Jangtse Chöje Losang Tenzin Rinpoche presided over Rinpoche's cremation that was supported by a congregation of monks from Gyütö tantric college on September 15 at Lhopa Khangtsen of Sera Jé. On September 19, Gen Thubten Rinchen guided the process of opening the cremation stupa. Rinpoche's close students have captured these final days by way of a succinct audio-visual documentation.

Rinpoche's final words, as transmitted by Geshe Gyalten Kunga and Geshe Tenzin Namdak, were "mainly it is important to remember the kindness of the Buddha and abide in that remembrance", and added a verse from Ārya Nāgārjuna's Five Stages of Guhyasamāja:

Whatever a yogi observes,

He should view it as like an illusion.

Similar to a reflection in a mirror,

A dream, a mirage, a water-bubble,

Or a trick of the eye, so should he see it.

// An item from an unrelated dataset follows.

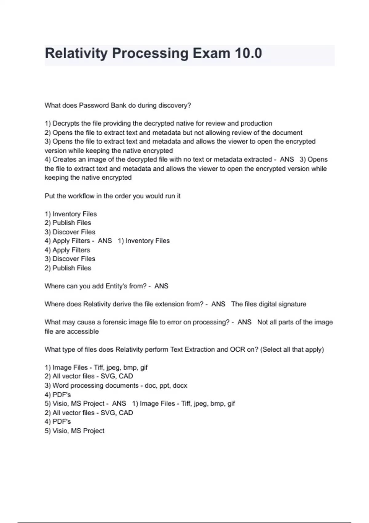 Relativity Processing Exam 10.0 Questions And Answers What does Password Bank do during discovery? 1) Decrypts the file providing the decrypted native for review and production 2) Opens the file to extract text and metadata but not allowing review of the document 3) Opens the file to extract text and metadata and allows the viewer to open the encrypted version while keeping the native encrypted 4) Creates an image of the decrypted file with no text or metadata extracted - ANS 3) Opens the file to extract text and metadata and allows the viewer to open the encrypted version while keeping the native encrypted Put the workflow in the order you would run it 1) Inventory Files 2) Publish Files 3) Discover Files 4) Apply Filters - ANS 1) Inventory Files 4) Apply Filters 3) Discover Files 2) Publish Files Where can you add Entity's from? - ANS Where does Relativity derive the file extension from? - ANS The files digital signature What may cause a forensic image file to error on processing? - ANS Not all parts of the image file are accessible What type of files does Relativity perform Text Extraction and OCR on? (Select all that apply) 1) Image Files - Tiff, jpeg, bmp, gif 2) All vector files - SVG, CAD 3) Word processing documents - doc, ppt, docx 4) PDF's 5) Visio, MS Project - ANS 1) Image Files - Tiff, jpeg, bmp, gif 2) All vector files - SVG, CAD 4) PDF's 5) Visio, MS Project At what stages can password bank decrypt files? (Select all that apply) 1) Inventory 2) Publishing 3) Native Imaging 4) Discovery - ANS 1) Inventory 3) Native Imaging 4) Discovery What tabs can Password Bank be found under? (Select all that apply) 1) Imaging Tab 2) Processing Tab 3) Production Tab 4) Case Admin Tab - ANS 1) Imaging Tab 2) Processing Tab How many passwords can you add to Password Bank? - ANS No limit, more than 100 could degrade performance What are the three password types you can enter into password bank? - ANS 1) Passwords 2) Lotus Notes 3) Email Encryption

[The Buddha] said that is the main [insight].
— Nāgārjuna

In the final meeting between the fourteenth Dalai Lama and Choden Rinpoche, the Dalai Lama shared his impression that

This life has reached a successful completion. Death is the inevitable end of birth; in that, we are all the same […] Rinpoche should have no regret[s] for his activities he has done while alive. He has made his life deeply meaningful. So, relax with a happy mind. I pray and make similar inner aspirations at all times.
— the fourteenth Dalai Lama, Transcript of the meeting of the Dalai Lama and Kyabje Choden Rinpoche in Delhi, Aug. 29, 2015, as archived by the FPMT

The transition and cremation ceremony, held in Sept. 2015 at Sera Jé Monastery in India has been in a short audio-visual contribution.

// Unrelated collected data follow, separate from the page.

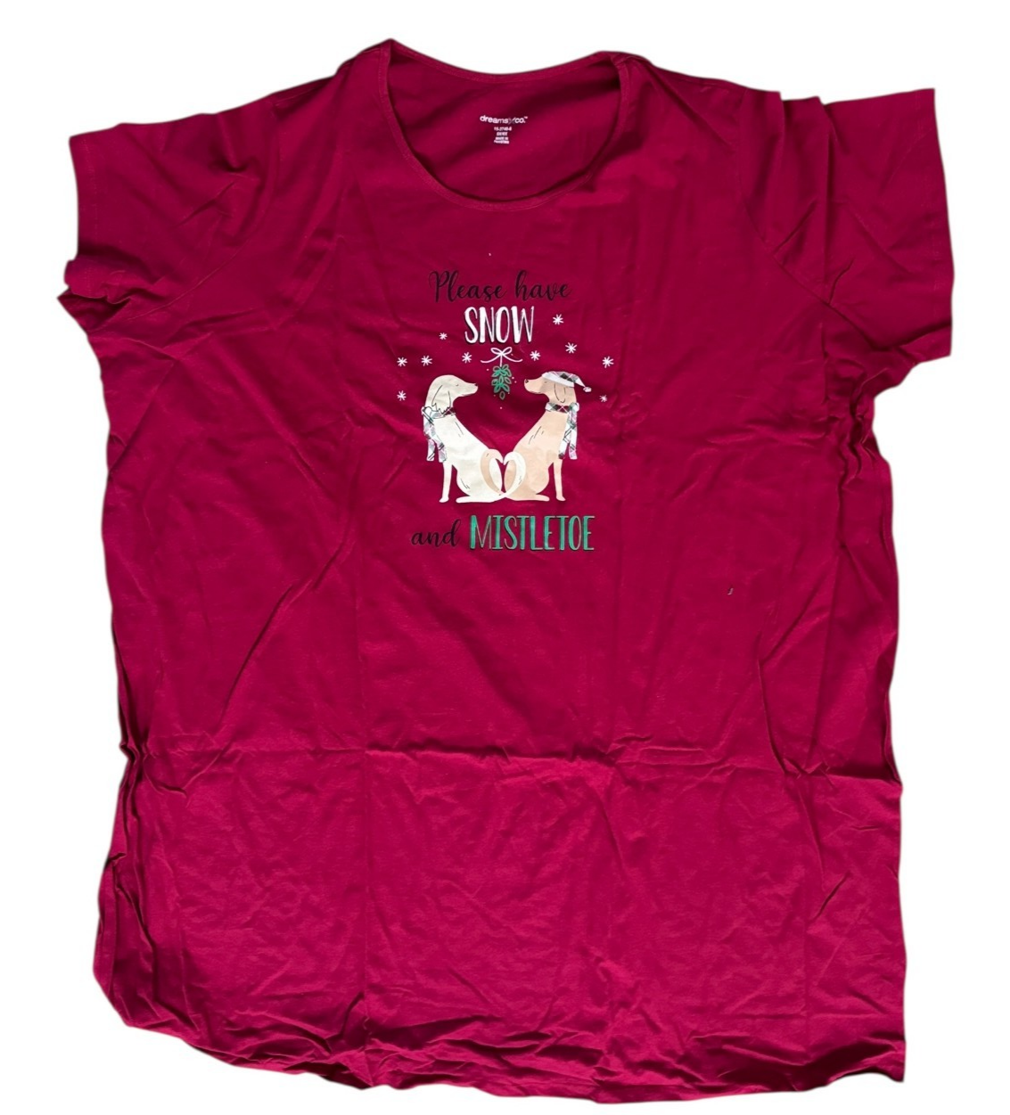 Dreams Co Christmas Red Please Have Snow and Mistletoe Nightgown Women's Size 5x/6x NEW Made of 100% Cotton Underarm to underarm measures 37 inches across Underarm to bottom of nightgown measures 34 inches Back of collar to bottom of nightgown measures 44 inches
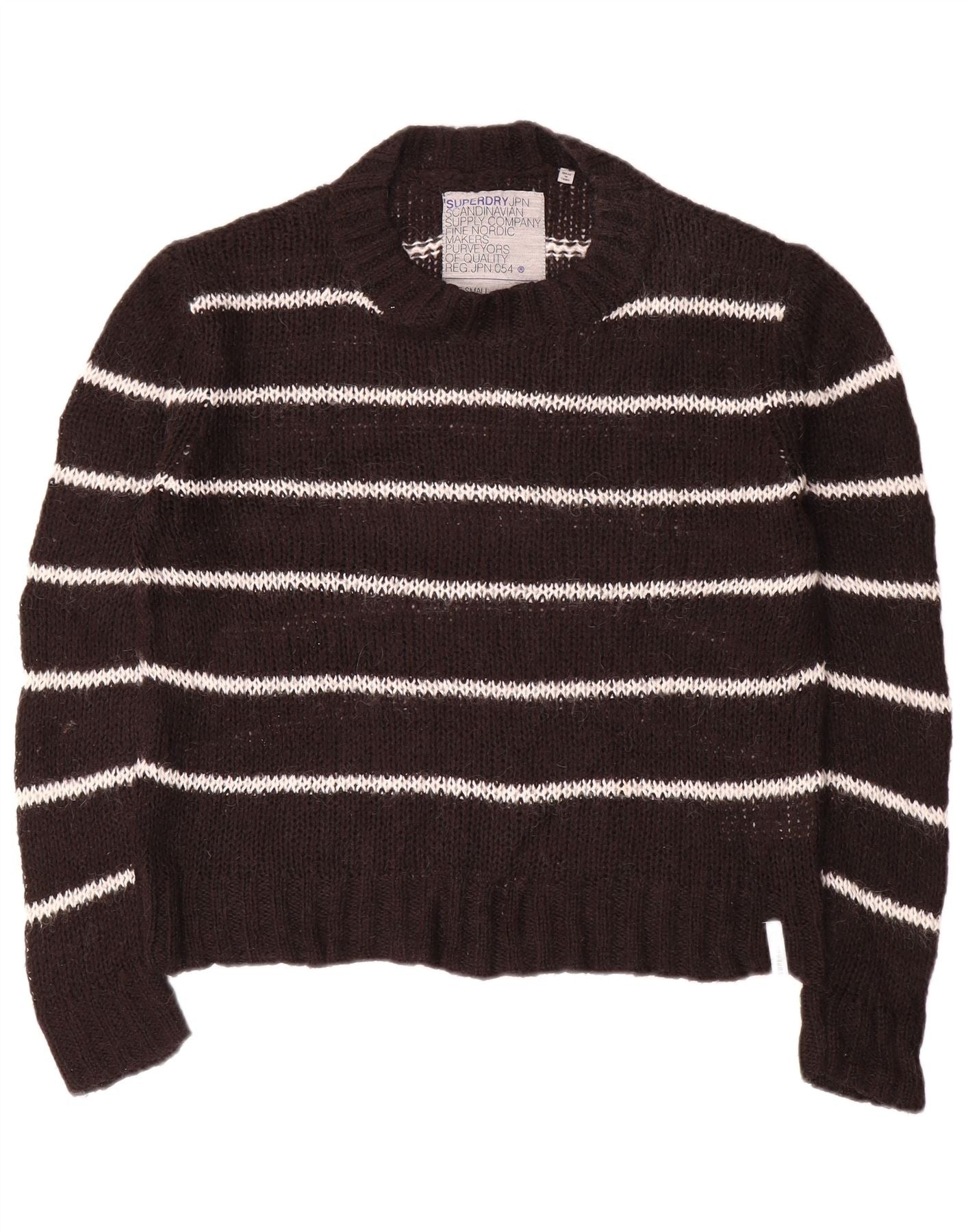 Pulover Superdry pentru femei cu decolteu rotund, cu dungi mici, negru, UK 10
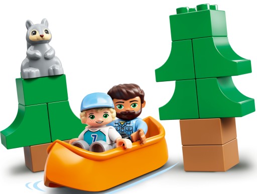 - Zawiera cztery figurki DUPLO® — mężczyznę, kobietę, dziewczynkę i chłopca — oraz kampera z obracającymi się kołami i zdejmowanym dachem, a także materiałowy namiot, kajak i ciekawe akcesoria.
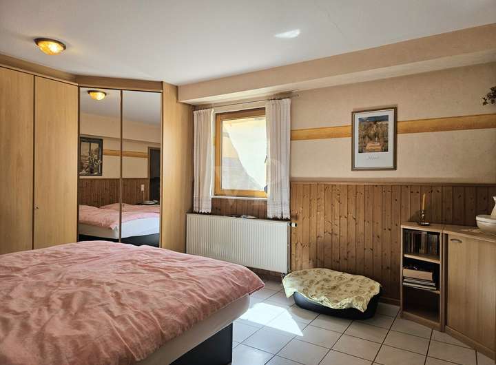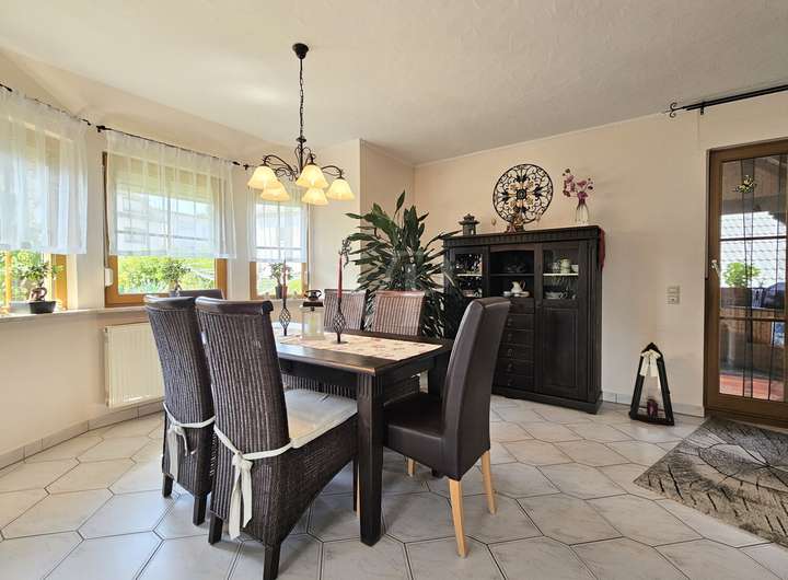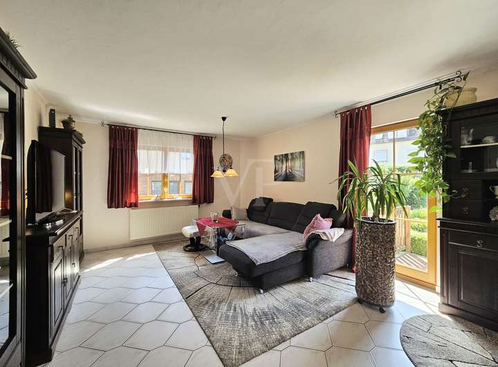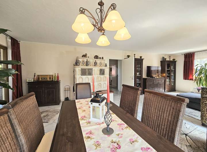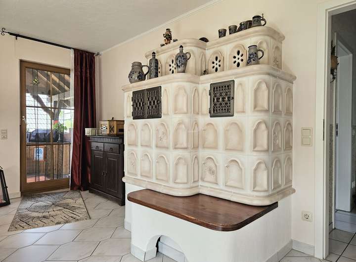 Die Hauptwohnung im Erdgeschoss bietet eine geräumige Küche mit angrenzendem Hauswirtschaftsraum und einer zusätzlichen Speisekammer. Der großzügige Wohn-Essbereich wird durch den Zugang auf die überdachte Terrasse und die Sonnenterrasse zum Garten hin erweitert. Im Wohnzimmer sorgt zudem ein großer, heller Kachelofen für behagliche Wärme.

==Finding, assessing, and reinstating Rinpoche's reincarnation==

Immediately after Rinpoche's death, Gyalten Khen Rinpoche inaugurated a search party consisting of ten members, including

- Chökhor Rinpoche Tenzin Chögyal, resident teacher based in New York, NY, USA.
- The 12th Shabdrung Chowang Dragpa Rinpoche, based in Australia.
- Śāntideva Rinpoche, based in Switzerland.
- Geshe Norzang, the seniormost teacher of Gyüto monastery at the time
- Geshe Gelek, resident teacher at the Istituto Lama Tsongkhapa at Pomaia, Italy.
- Geshe Kunzang, director of Ananda Dharma Center, Awakening Vajra International, San José, USA.
- 2 representatives from Tibet
- Representatives from the Lhopa Khangtsen regional college in Sera Jé monastery, Bylakuppe, India

The search party successfully identified Rinpoche's successor, born on Saka Dawa (April 15) 2016 in the state of Orissa, from amongst 24 possible candidates. The candidate was confirmed by His Holiness the 14th Dalai Lama during two meetings with the search party. His Holiness graciously bestowed a name on the young reincarnation, as well as giving the transmission of the Mañjuśrī-mantra for the young reincarnation to practice. The young Rinpoche has been officially into Sera Jé monastery in 2022 as a member of the monastery. On Sept. 27-29, 2023, Rinpoche has been given official recognition as the rightful heir to the previous Chöden Rinpoche by way of the enthronement ceremony held at Sera Lachi, Sera Jé monastery, Lhopa Khangtsen, and Chöden Ladrang, Bylakuppe, India. Note that AVI Nusantara (Indonesia) has documented the young Yangsi's enthronement ceremony in a short contribution.

==Selection of Major Works translated into English==
- Kyabje Choden Rinpoche (2020). "Mastering Meditation: Instructions on Calm Abiding and Mahāmudrā, with a foreword by H.H. the 14th Dalai Lama".
- Kyabje Choden Rinpoche (2012). "An Offering Cloud of Nectar: A Compilation of Mind Training and Other Subjects".
- Kyabje Choden Rinpoche (2011). "Stairway to the State of Union: A Collection of Teachings on Secret Mantra".

==Resources for his students ==

Before showing the aspect of dying, Rinpoche advised his students to recite the prayer "Chanting the Names of Manjushri" and other prayers in preparation of his rebirth in a new reincarnation.

Vietnamese students have produced a short Vietnamese language documentary of "H.E. Choden Rinpoche's holy relic tour in Vietnam", and an oral account of H.E. Choden Rinpoche's life, entitled life of a great Yogi - H.E. Choden Rinpoche", as given by his long-year attendant, Geshe Gyalten Kunga, has been recorded.